Somali leader returns home from Kenya


Mon June 13, 2005

By Guled Mohamed

NAIROBI (Reuters) - President Abdullahi Yusuf arrived in lawless Somalia from neighbouring Kenya on Monday to set up his government on home soil, saying he was confident of ending the infighting that had delayed the move for nine months.

Somalia's Transitional Federal Government, tasked with ending fighting between rival clan warlords, had remained in Kenya since its formation at peace talks last year due to disputes about where inside the country it should be based.

Yusuf, speaking at a farewell party thrown by Kenyan President Mwai Kibaki, said he was confident of overcoming the often bad-tempered divisions inside his clan-based government.

"Today the delicate process of instituting a national government for Somalia is now complete and ready to resume the urgent tasks that await it inside Somalia, and I personally will start this relocation today," he said before taking a flight to the provincial town of Jowhar.

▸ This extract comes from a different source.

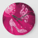 Eleganten den glamorösa väggen tar tid på. Härlig och att blända, avbildar den utskrivavna trendiget shock rosasparklesdiamanter som bling juvlar som, musikalen noterar, skraj retro diskospegelboll, och mode för stilettkickhälet skor på en utskrivaven chic shock rosa avbildar bakgrund. En gullig, flott, trendig, stilfull nätt gåva för henne eller någon musikälskare. Ska kvinnor och tonårs- flickor älskar denna coolt, roligt, funkyn, flickaktigt design.
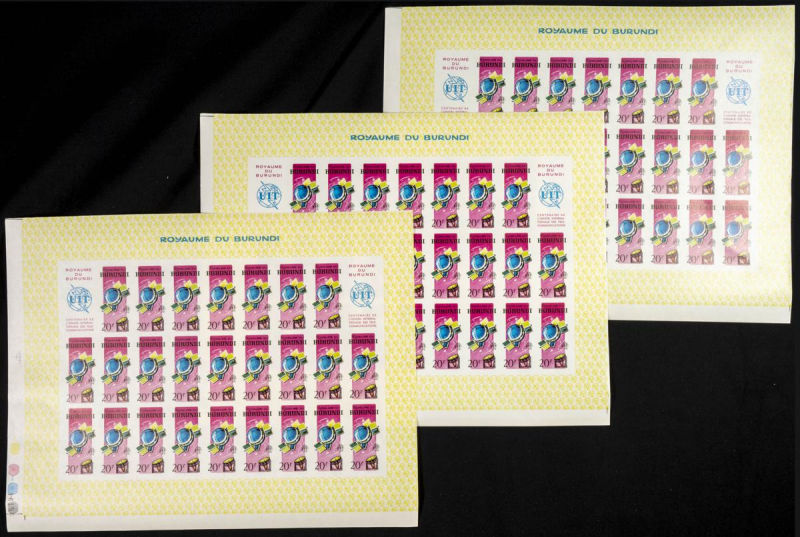 138/45. 1965. I.T.U. centenary. Group of IMPERFORATED sets. TO EXAM. Description of lots is limited to the cataloguing of the stamps and their characteristics. The total of the material included in each case is photographed to allow an

"We will overcome the divisions. Together we will co-operate with our people for the interest of our country."

Witnesses said Yusuf arrived in Jowhar, where he was expected to stay the night before departing on Tuesday for a tour of several Gulf countries.

Officials say that there was no date yet for when Yusuf will return from the Gulf tour nor when he would start day-to-day work in the country as president. His Prime Minister Mohammed Ali Gedi is expected to leave Kenya for Mogadishu on Thursday.

Yusuf's government is the 14th attempt to restore effective administration to Somalia since it collapsed into chaos after the overthrow of military ruler Mohammed Siad Barre in 1991.

Conflict and famine have killed hundreds of thousands of people since then in the country of up to 10 million.

RIFT REMAINS

Yusuf and Gedi made a meet-the-people tour of Somalia in February but later returned and worked from Kenya as a rift opened between them and some warlords who serve in the cabinet.

A pro-Yusuf faction of the government wants the administration to be based temporarily in the provincial towns of Baidoa and Jowhar, arguing Mogadishu is too dangerous.

It has arranged for a 1,000-strong force of Ugandan and Sudanese peacekeepers to deploy in Somalia to restore order and help establish the government, which has no revenues of its own.

An anti-Yusuf faction of ministers who have their powerbases in Mogadishu says the government should go straight to the traditional capital. They dislike the idea of foreign troops and have begun their own effort to withdraw gunmen from Mogadishu.

At the core of the dispute is mistrust among many warlords, especially those based in Mogadishu, of the intentions of Yusuf's main foreign sponsor Ethiopia, Somalia's historic foe.

Many among the overwhelmingly Muslim population are hostile to what they see as attempts by their big, nominally Christian-led neighbour to dictate events in the region.

East African countries have urged the United Nations to lift an arms embargo on Somalia to enable the Ugandan and Sudanese troops to deploy. No date has been set for their arrival.

Without foreign peacekeepers, Yusuf fears militia rule in Somalia will prevent ministers and their teams from carrying out their work in safety, free from violence and extortion.